In Bar-Ayal v. Time Warner Cable Inc., No. 03 CV 9905(KMW), 2006 WL 2990032 (S.D.N.Y. Oct. 16, 2006), Bar-Ayal brought a putative class action against Time Warner, seeking a refund of surcharges imposed for use of Time Warner’s Road Runner internet service.

Time Warner filed a motion to compel arbitration based on an arbitration clause in the customer agreement. In opposing the motion, Bar-Ayal argued that (1) he did not “knowingly” agree to arbitration, (2) the dispute did not fall within the scope of the arbitration agreement, and (3) the arbitration agreement was unconscionable and therefore unenforceable.

Bar-Ayal argued that he did not knowingly agree to arbitration because he was not put on “clear notice” of the arbitration agreement. The Court rejected this argument based on the rule that a person who assents to an agreement without reading it is nevertheless bound by the terms of the agreement. Specifically, the Court found that while installing the Road Runner software, Bar-Ayal assented to the customer agreement, including its arbitration clause, by clicking an “Accept” button signaling his acceptance of the terms of the customer agreement.

During installation of the software, the customer agreement would have appeared on Bar-Ayal’s computer monitor in a scrollable window. While reading the agreement would require scrolling through several screens, the Court observed, “it is not significantly more arduous to scroll down to read an agreement on a computer screen than to turn the pages of a printed agreement.”

The Court gave no consideration to Bar-Ayal’s argument that the dispute did not fall within the scope of the arbitration clause because there was “clear and unmistakable evidence” that the parties intended for the arbitrator to resolve issues of arbitrability. Namely, the arbitration clause, which was printed in all caps, stated that “the arbitrability of disputes shall be determined by the arbitrator.”
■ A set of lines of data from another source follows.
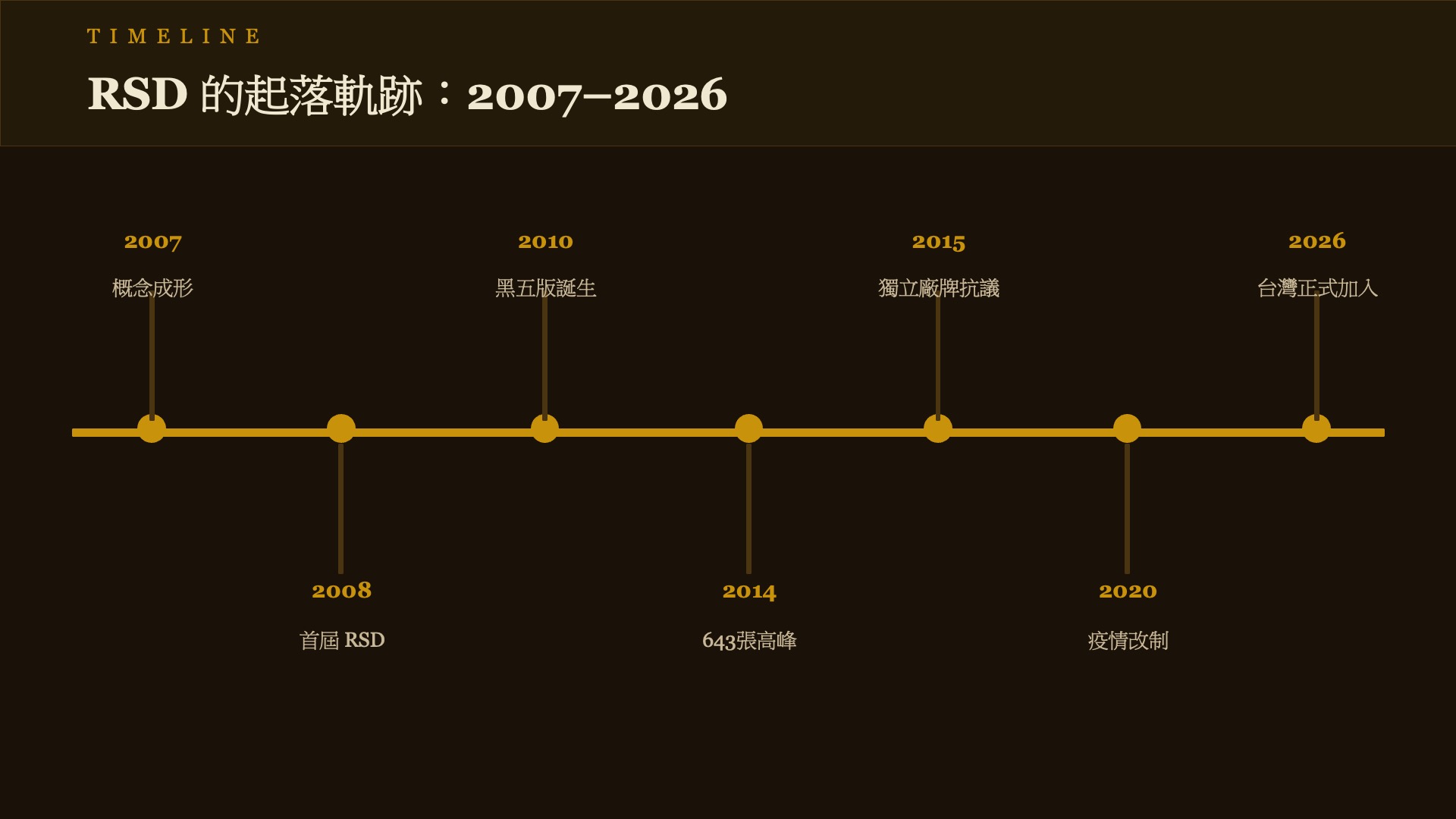 2007 年,緬因州一家獨立唱片行 Bull Moose Music 的員工 Chris Brown,在一場唱片行業者聚會中發出了一封主旨叫做「idea」的電子郵件。那年,美國全境黑膠銷量不到一百萬張,英國甚至只有二十萬張,稀薄到幾乎不在產業報告上留下痕跡。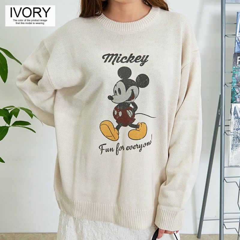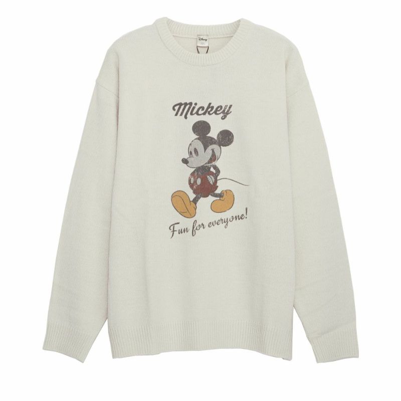 ゆるっと着られる大人カジュアルニット。人気キャラクター「ミッキー」のプリントを加工風にあしらい、ヴィンテージライクな雰囲気に仕上げました。 DISNEY(ディズニー)MICKY 加工風PRINT長袖ニットソー(MIC)/全4色
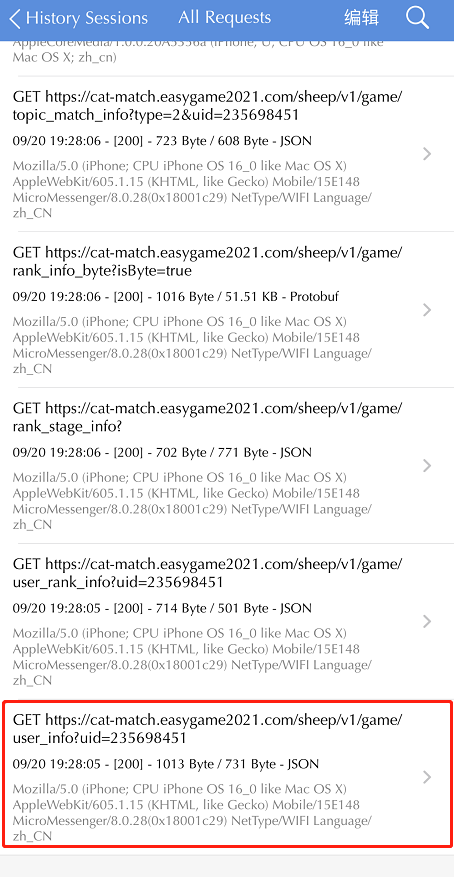 重新打开游戏,点击历史排行榜,然后停止Sniff,在Sniff History里可以看到

Finally, Bar-Ayal argued that the arbitration clause was unconscionable, based primarily on a one-year limitations period and the impossibility of bringing a class action. The Court rejected this argument by citing New York case law allowing class action waivers and a one-year limitations period.

The term “clickwrap agreement” is often used to describe user agreements that are displayed on a computer monitor and must be accepted before the underlying transaction can proceed. When offering an arbitration agreement in electronic form, a party should require an express and clear-cut manifestation of assent. See Specht v. Netscape Communications Corp., 150 F.Supp.2d 585, 595 (S.D.N.Y. 2001) (denying enforcement of an arbitration agreement because “downloading is hardly an unambiguous indication of assent”).